General News of Sunday, 2 December 2001

Source: PANA

Kufuor wants community initiatives to curb HIV/AIDS

Ghana's president, John Agyekum Kufuor on Saturday urged district assemblies to assist traditional leaders to develop community based initiatives to help curb the spread of the HIV/AIDS that is gradually wiping away the population.

He said in a speech read on his behalf at this year's World AIDS Day in the Eastern Region that traditional leaders had a greater influence on the opinion, habits and culture of their communities and they should not be ignored in the fight against the disease.

"The traditional leaders are also role models in our society and their efforts at highlighting the issues of HIV/AIDS and encouraging sustained behavioural change are significant."

Kufuor said men were at high risk of contracting the disease as women and children because of some socio-cultural practices like polygamy, widow inheritance and job-related migration.

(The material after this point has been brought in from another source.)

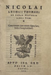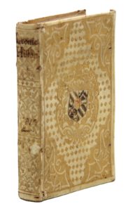 Lyon, Sébastien Gryphe, 1555 ; in-16, vélin doré souple à recouvrement de la fin du XVIe siècle, plats très richement décorés avec larges écoinçons dorés aux angles, semis de fleurs de lys, armes peintes au centre dans un médaillon doré, dos lisse et rabats des plats très ornés, titre à l’encre, tranches dorées et antiquées, traces d’attaches. Jolie réimpression en caractères italiques de l’édition parue en 1532 chez le même éditeur. L’auteur, professeur de philosophie à Padoue, offre des récits sur divers personnages de la Grèce antique.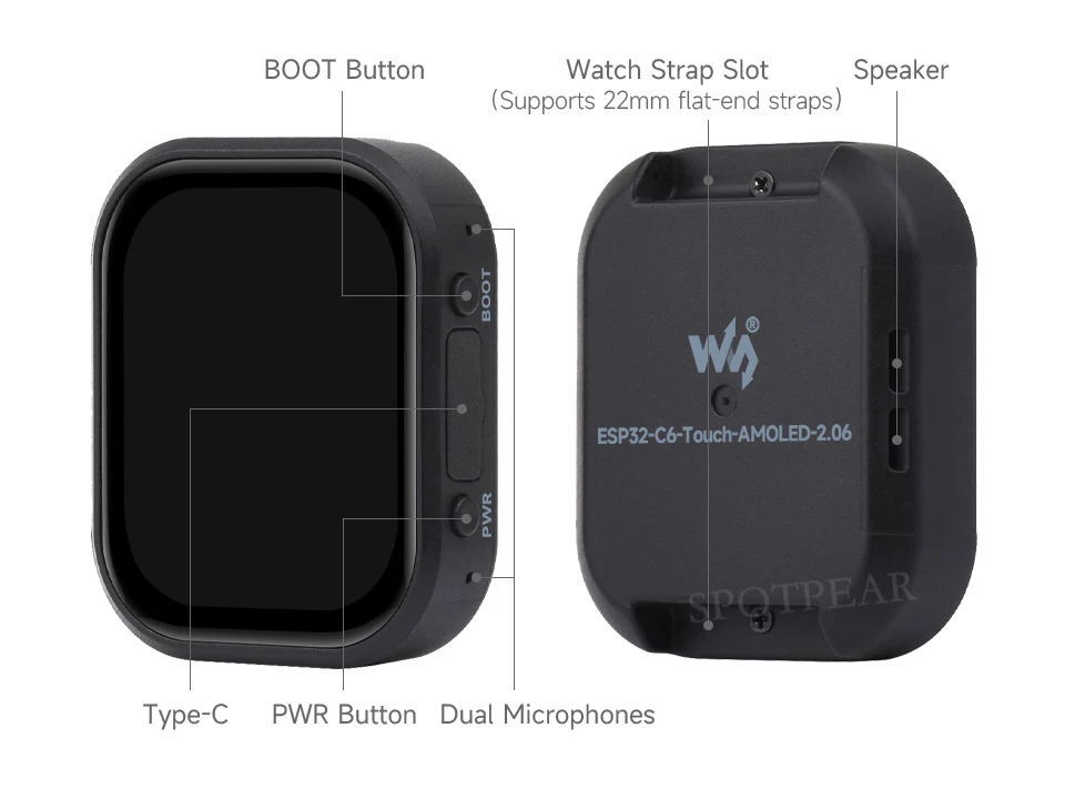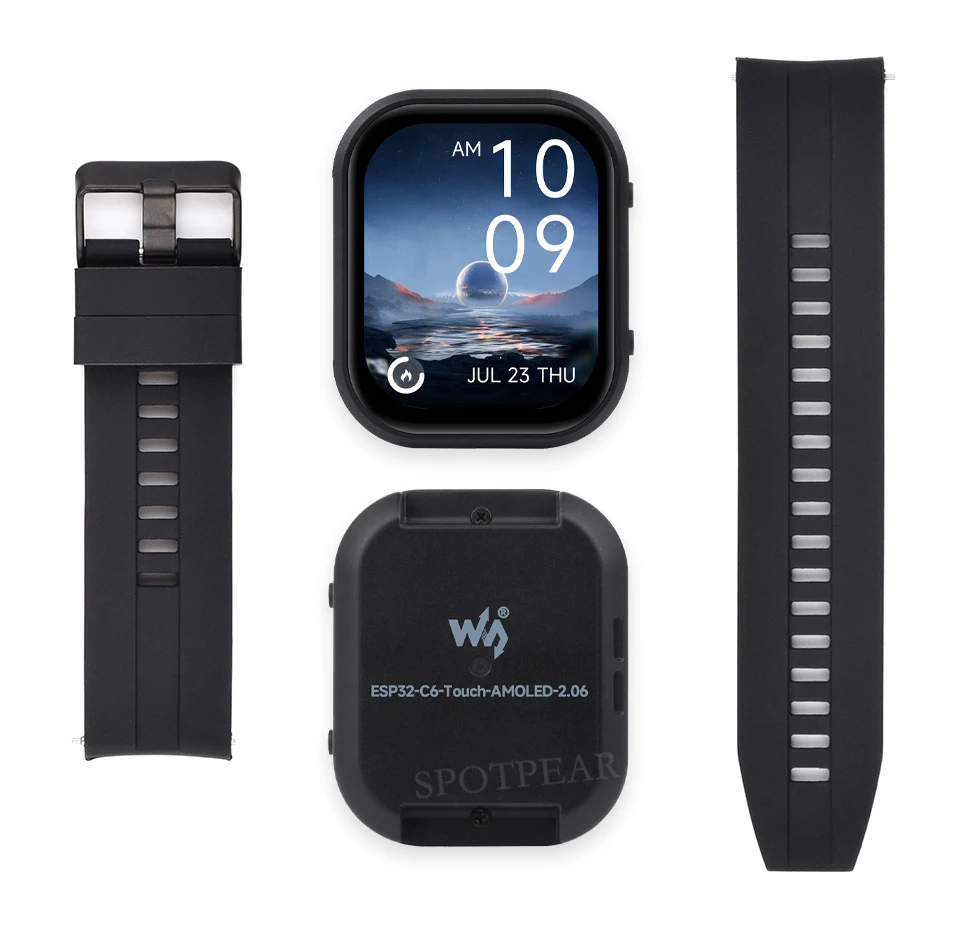 ElESP32-C6-Touch-AMOLED-2.06Es una placa de desarrollo estilo reloj portátil y de alto rendimiento diseñada por Waveshare.Basado en el microcontrolador ESP32-C6, integra una pantalla táctil capacitiva AMOLED de 2,06 pulgadas, IMU de 6 ejes, chip RTC, chip de códec de audio, IC de administración de energía, etc.Viene con una funda diseñada a medida con apariencia similar a una de un reloj inteligente, lo que la hace ideal para la creación de prototipos y la verificación funcional de aplicaciones portátiles.

He said that secrecy, shame and stigmatisation surrounding the disease posed extreme hardship on those infected as they lacked social and economic support.

"They, therefore, remain silent with the disease and hide it from relatives and the community with some infecting others knowingly," he added.

He called on men to change their sexual behaviour and adopt a positive one that would not put their partners and families at the risk of contracting the virus.

Kufuor urged all to show love and care for children who had lost both parents to AIDS and accept people living with HIV/AIDS instead of shunning them.

Acting Executive Secretary of the Ghana AIDS Commission, Bridget Katsriku appealed to men in leadership positions to embark on programmes that would change the attitude of their peers to risky sexual behaviours.

The WHO representative in Ghana, Dr Melville George, attended the programme and urged communities to implement effective responses to reverse the spread of the disease by working collectively.